A duplicate transaction race occurs when the same payment, transfer, or action is submitted multiple times concurrently and processed more than once before any deduplication mechanism takes effect. Unlike coupon races (which exploit a single-use limit), duplicate transaction races exploit the absence of idempotency: the system lacks a mechanism to detect and discard re-submitted operations. The result is duplicate charges, duplicate payouts, or duplicate account credits.
A fintech application checks 'balance >= amount' before executing a withdrawal. If the check (SELECT) and the debit (UPDATE balance = balance - amount) are separate non-atomic operations, N concurrent withdrawal requests all pass the check before any UPDATE commits. Each withdraws the full amount. Starting balance $100, withdrawal amount $80: all N requests pass the balance >= 80 check and all commit, leaving the account at $100 - $80*N = deeply negative. Doyensec documented this pattern in multiple fintech platforms in 2024.
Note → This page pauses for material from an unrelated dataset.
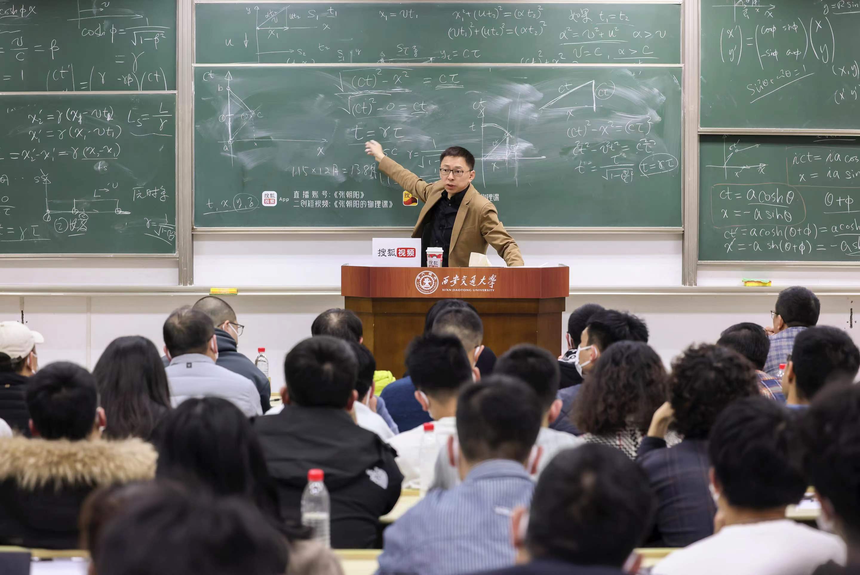 《张朝阳的物理课》高校专场系列西安站于12月2日下午,在西安交通大学开讲。本次演讲以“狭义相对论时空观”为主题,在演讲现场,搜狐创始人、董事局主席兼首席执行官、物理学博士张朝阳还解答了学生们关于西安“油泼辣子”“羊肉泡馍”等生活中的物理问题。

In OAuth 2.0, an authorization code is single-use. When the client exchanges it for tokens, the server marks it consumed atomically. If the mark-as-consumed step is not atomic — for example, it does a SELECT to check validity then a DELETE in two steps — two concurrent exchange requests both see the code as valid and both receive distinct access/refresh token pairs. HackerOne #55140 (Internet Bug Bounty, $2,500) demonstrated this pattern on an OAuth provider in 2014 and it remains findable today.
A limit-overrun race (coupon, gift card) exploits a counter that should decrement but doesn't because the decrement is non-atomic. A duplicate transaction race exploits the absence of idempotency: there is no counter — the system simply has no mechanism to recognize that this exact operation was already processed. The fix for limit-overrun is atomic conditional UPDATE; the fix for duplicate transaction is idempotency keys (SETNX or DB unique constraint on operation ID).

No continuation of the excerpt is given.